While the concourt decision was proscriptive rather than retroactive, the High Court clearly saw the social mores of the time as  being more persuasive than the previous period of prohibition. More importantly the decision pronounced upon the role of the Prevention of Organised Crime Act (POCA) in harrassing growers, and thus the proportionality of  the ‘dagga crimes’ in a case which had not yet been proven by the state, and where the state attorney had in effect jumped the gun in seeking forfeiture of the residence of one Richard Kraak.

Several articles appearing in the mainstream online media have appeared to punt the commercial benefits of dagga. One article went so far as suggesting mechanisms for investors keen to get in on the action, and the benefit to the broader economy, while others extolled the virtues of the inaugral Cannabis Expo, an event currently being held in Jozi and set for Cape Town later next year.

How the mighty moral police and their religion-inspired vice squad have fallen upon tough times, one can only remark here that a similar sequence of events followed the legalisation of porn after the end of apartheid — the death throws of the regime in which women’s breasts and nipples were only to be seen behind the shiny stars covering them in men’s magazines.

In 2015 the first ever Weedstock Festival due to take place on a farm in Bronkhorstspruit was cancelled due to vice squad intervention.

Similar festivals around South Africa appeared to have gone by without a hitch, but expect more information on this topic. Police continue to terrorise the communities of Sedgefield and Knysna. Despite setbacks, Dagga synonymous with the counter-culture surrounding the anti-apartheid movement has certainly returned for good, as has the feel-good vibe which immediately followed our nation’s liberation.

Those old enough to remember the likes of James Phillips aka Benoldus Niemand, may recall that the apartheid state pilloried activists as mere ‘drug-users’ —  cannabis hooked social deviants wanting to create mayhem to overthrow the state.

Law and order was thus contingent upon the banning of people’s consciousness — our innate rights to freedom of thought alongside the right to privacy. See Thembisa Waetjen’s excellent historical appraisal here.

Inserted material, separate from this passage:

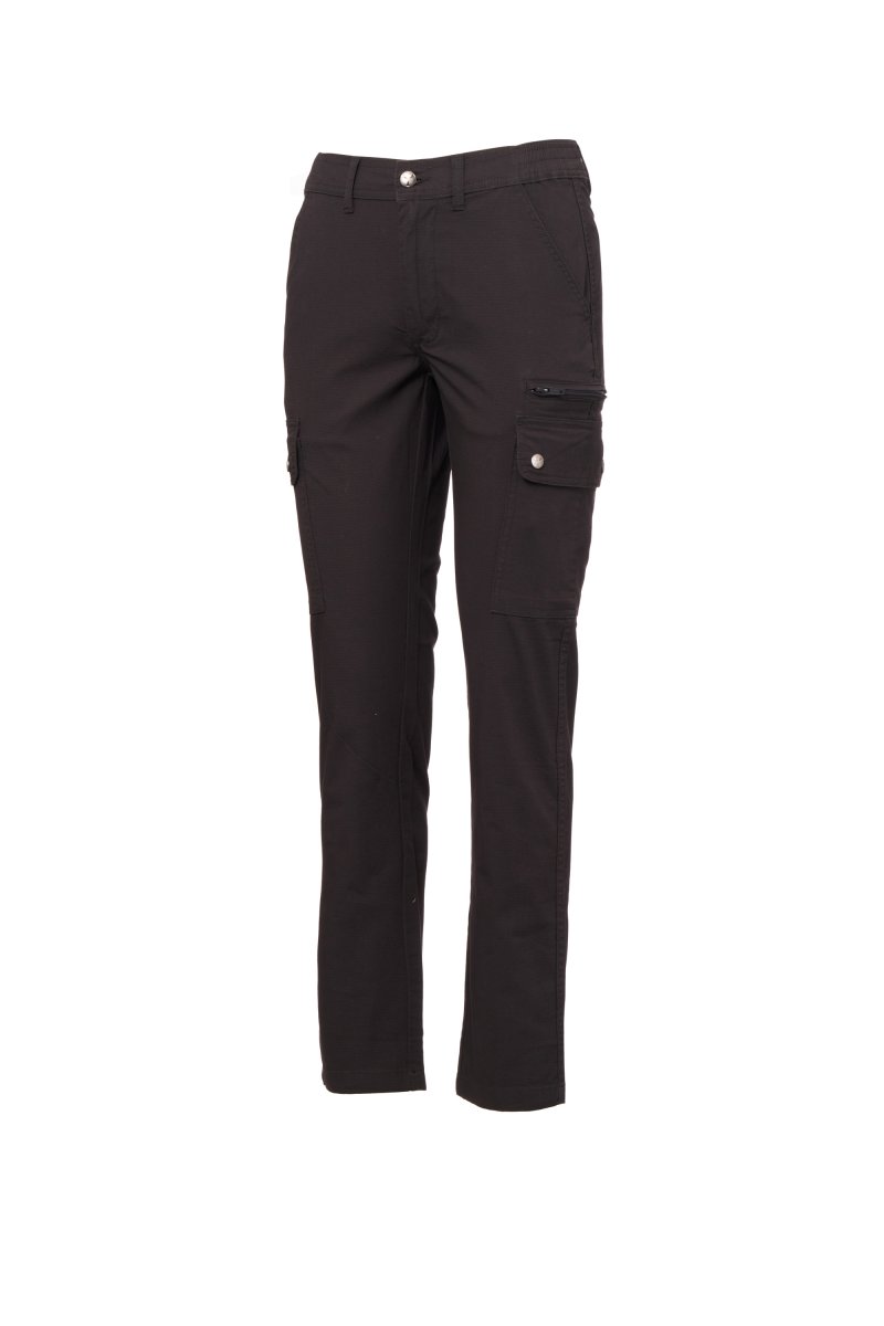 Damesbroek met klassieke snit van lichte ripstop stretchstof, met elastiek opzij en ceintuurlussen. Ritssluiting met metalen knoop, twee zakken voor in klassieke snit, twee zakken met klep opzij met kliksluiting, een zak met rits links, een uitvouwbare zak voor rolmaat rechts, twee steekzakken achter met knoop en knoopsgat.

Alongside the Botha government’s Bureau of State Security (BOSS), the narc squad and thought police, armed with an ideology supplied by the NGK, decreed race segregation to be divinely inspired by God, Cannabis to be the work of the Devil himself, and the Afrikaner grip over the African hinterland the result of a “Covenant at Blood River”.

How times are a changin.

When the ruling ANC finally came into power, there was every indication that dagga-smoking revolutionaries were going to legalise the herb whilst recognising the contribution to the struggle by Bob Marley and the Jamaican Defense Force.

Instead, activists like Trevor Manual exchanged their berets, dashikis and the proverbial stash, for bespoke suits, and the joys of fine champagne and cognac. The transformation of the liberation movement into a political bureaucracy built upon corporate largesse meant that adopting the white man’s laws alongside certain UN conventions supporting prohibition was paramount.

All of this toenadering came tumbling down this week, as yes, one Jacob Zuma appeared in the dock.